This project involves the implementation of a simulated annealing algorithm to solve the Traveling Salesman Problem (TSP), which is a classic optimization problem. The algorithm aims to find the shortest possible path that visits a number of cities exactly once and returns to the origin city. The main components of the solution are energy calculations, temperature cooling schedules, and stochastic acceptance of worse solutions to escape local minima.

here is the project description

here is our report:report

How It Works

The codebase consists of several modules:

  • IOManager.h: Manages input and output operations, including file handling.
  • coordinate.h: Defines the structure for city coordinates.
  • Path.h: Defines the functionality to generate and manipulate paths.
  • Energy.h: Contains the functions to calculate the "energy" or total distance of a path.
  • Temperature.h: Contains functions related to the temperature aspect of simulated annealing.

The main.c file orchestrates the simulated annealing algorithm. It begins by initializing the city coordinates and choosing an initial random path.

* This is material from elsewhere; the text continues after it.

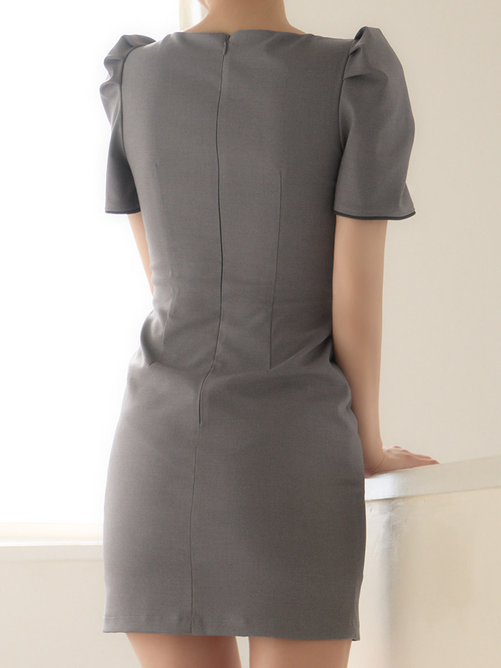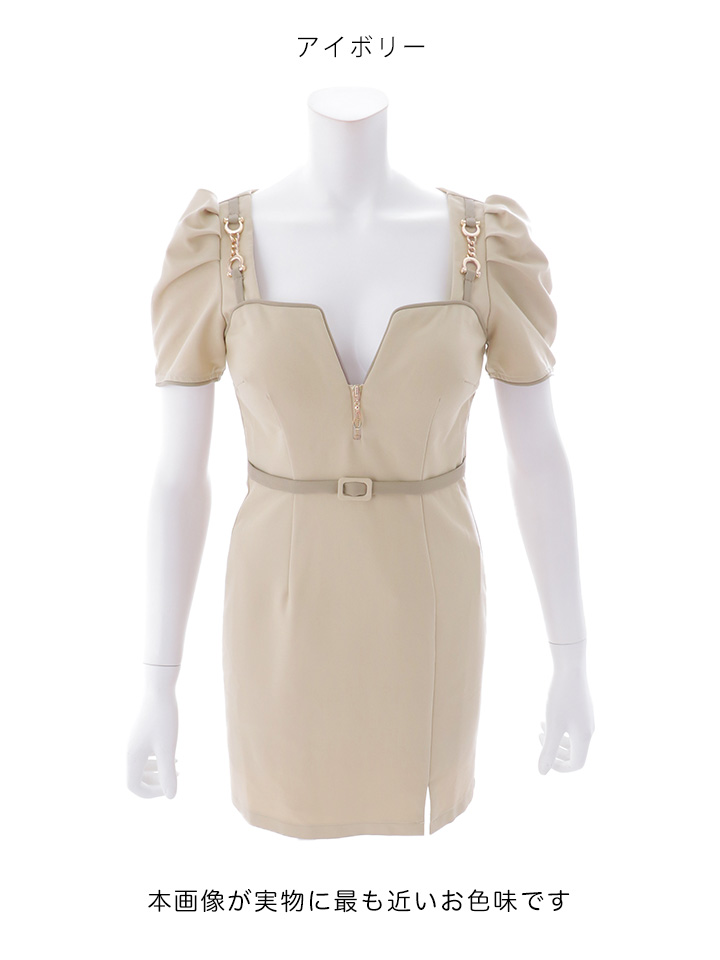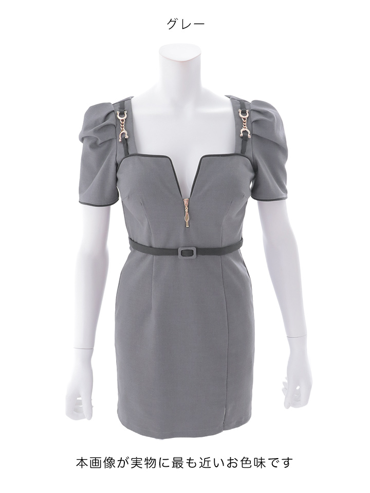 半袖デザインで程よく上品さを残しつつ、胸元の谷間カットが女性らしさを引き立てるミニドレス。

The annealing process involves generating new path permutations, evaluating their energy, and selectively accepting paths based on the temperature-dependent probability. Throughout the process, the temperature is gradually reduced until it reaches a near-zero value, at which point the algorithm terminates, and the best-found path is considered the solution.

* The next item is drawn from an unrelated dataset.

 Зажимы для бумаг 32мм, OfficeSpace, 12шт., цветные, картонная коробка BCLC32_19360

Interaction with the Project

To interact with the TSPSA project, follow these steps:

  1. Compile the code using the provided Makefile with the command make build.
  2. Run the compiled program with make run ARGS="your-arguments-here", where "your-arguments-here" is replaced with any desired command-line arguments.
  3. Command-line argument options are as follows:
    • -n or -N: To specify the number of cities.
    • -t or -T: To set the initial temperature for the simulated annealing algorithm.
    • -c or -C: To define the cooling rate at which the temperature decreases.
    • -file or -FILE: To read city coordinates from a specified file.
    • -random or -RANDOM: To generate random city coordinates.

Example usage:

make run ARGS="-n 50 -t 100 -c 0.99 -random"

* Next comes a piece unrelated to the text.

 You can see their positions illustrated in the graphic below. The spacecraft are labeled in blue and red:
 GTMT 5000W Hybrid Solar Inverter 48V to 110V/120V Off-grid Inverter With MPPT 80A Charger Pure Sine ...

This command runs the simulated annealing algorithm on a random set of 50 cities starting at a temperature of 100 and with a cooling rate of 0.99.

  1. The program will output the progress of the algorithm, including the current path energy and other relevant information.
  2. Upon completion, the program saves the final path to a file, and you can view the solution for the TSP.

Graphs and Charts

The graphs folder contains the graphs and charts that are generated from the graph.IPYNB when the notebook is run. The graphs and charts are generated using the matplotlib and plotly libraries and are saved as .png files.

if you want to run the notebook you need to install the following libraries:

  • matplotlib
  • plotly
  • pandas
  • numpy

Clean Up

To clean up the compiled objects and executable, simply run make clean.

Authors

This project is the culmination of our efforts in the "Introduction to Computer Science" course.

Acknowledgments

We would like to thank our professors and teaching assistants for their guidance and assistance throughout the development of this project.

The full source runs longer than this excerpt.